To qualify, you must meet the current FHA, VA, or USDA loan requirements depending on the type of loan you are assuming. This typically means a minimum credit score of 580, although most lenders prefer 620-640. Your debt-to-income ratio should be under the 50% max under FHA guidelines. Additional information such as employment history, explanations of income for each applicant, and asset verification for a down payment may be needed to process the loan.
An assumable mortgage is a type of home loan that allows a homebuyer to take over the existing mortgage terms from the seller, with no cost to the seller. Many government-backed loans, such as FHA and VA loans, are eligible for assumption, and millions of these mortgages are available.

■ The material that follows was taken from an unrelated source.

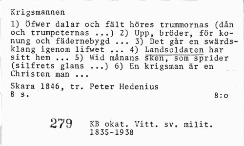 //// Krigsmannen //// 1) öfwer dalar och fält höres trummornas (dån och trumpeternas ...) 2) Upp, bröder, för konung och fädernebygd ... 3) Det går en swärds-klang igenom lifwet ... 4) Landsoldaten har sitt hem ... 5) Wid månans sken, som "sprider (silfrets glans ...) 6) En krigsman är en Christen man ... //// Skara 1846, tr. Peter Hedenius 8 s. 8:o //// 279 KB okat. Vitt. sv. milit. //// 1835-1938 ////

When interest rates on mortgages are high, assuming a mortgage with a rate as low as 2% allows buyers to save up to thousands monthly compared to buying a home with a traditional mortgage at today’s average rates of 7%. A low-rate assumable mortgage could be the key to finding your dream home at an affordable price.
Roam has compiled available listings with low-rate assumable mortgages for you to browse. To get started, enter the city, state, zip code, or school district you’re interested in purchasing in. Utilize the search filters to narrow down your search. Click “Save search” to save your search preferences and activate listing notifications—we’ll email you as soon as new listings match your criteria.
Once you’ve found your dream home and ready to make an offer, schedule a call with a Roam Advisor directly from the listing. Your Roam Advisor will guide you through each step of the process, while also working directly with your agent, the servicer, and the seller to ensure you close on time.
When assuming the existing mortgage as part of a home purchase, the buyer has to cover the seller’s equity in the home. The seller’s equity is the purchase price minus the remaining mortgage balance. This amount must be covered in full through an all-cash down payment or by taking out a second mortgage.